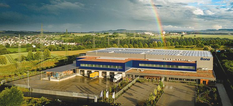 Die 9.200 Quadratmeter große Halle mit einer Lagerkapazität von rund 10.000 Europaletten ist das Herzstück der Logistik von Bona im Limburg. Die leistungsstarke Photovoltaikanlage (616 kWp) auf dem Dach sorgt für einen nachhaltigen Betrieb.
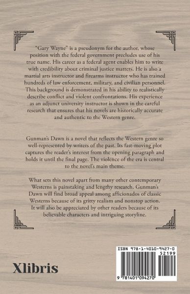 Gunman's Dawn is a novel that reflects the Western genre so well-represented by writers of the past. Its fast-moving plot captures the reader's interest from the opening paragraph and holds it until the final page. The violence of the era is central to the novel's main theme. What sets this novel apart from many other contemporary Westerns is painstaking and lengthy research. Gunman's Dawn will find broad appeal among afficionados of classic Westerns because of its gritty realism and nonstop action. It will also be appreciated by other readers because of its believable characters and intriguing storyline.
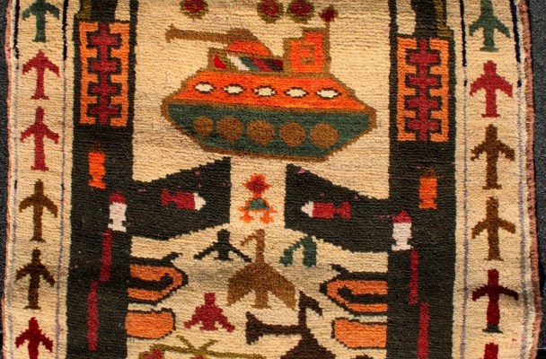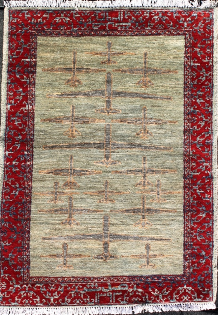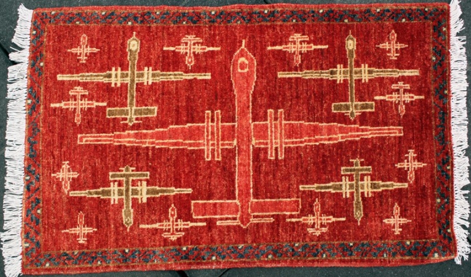 Recently, David Conrad of the Public Radio International (PRI) reported that the traditional rugs hand-woven in Pakistan, mostly by refugee women, have drones featured on them. Kevin Sudeith, who had been collecting war-rugs and selling them through his website, spoke to PRI about this new phenomenon. While the old war rugs featured images of helicopters, tanks, rifles, and grenades, drone is a new entrant. There are three rugs so far, which have hand-woven images of drones.

# How to complete this task:
Reprint the whole listing above exactly, taking out the pictures.

# Solution below:
 Die 9.200 Quadratmeter große Halle mit einer Lagerkapazität von rund 10.000 Europaletten ist das Herzstück der Logistik von Bona im Limburg. Die leistungsstarke Photovoltaikanlage (616 kWp) auf dem Dach sorgt für einen nachhaltigen Betrieb.
 Gunman's Dawn is a novel that reflects the Western genre so well-represented by writers of the past. Its fast-moving plot captures the reader's interest from the opening paragraph and holds it until the final page. The violence of the era is central to the novel's main theme. What sets this novel apart from many other contemporary Westerns is painstaking and lengthy research. Gunman's Dawn will find broad appeal among afficionados of classic Westerns because of its gritty realism and nonstop action. It will also be appreciated by other readers because of its believable characters and intriguing storyline.
 Recently, David Conrad of the Public Radio International (PRI) reported that the traditional rugs hand-woven in Pakistan, mostly by refugee women, have drones featured on them. Kevin Sudeith, who had been collecting war-rugs and selling them through his website, spoke to PRI about this new phenomenon. While the old war rugs featured images of helicopters, tanks, rifles, and grenades, drone is a new entrant. There are three rugs so far, which have hand-woven images of drones.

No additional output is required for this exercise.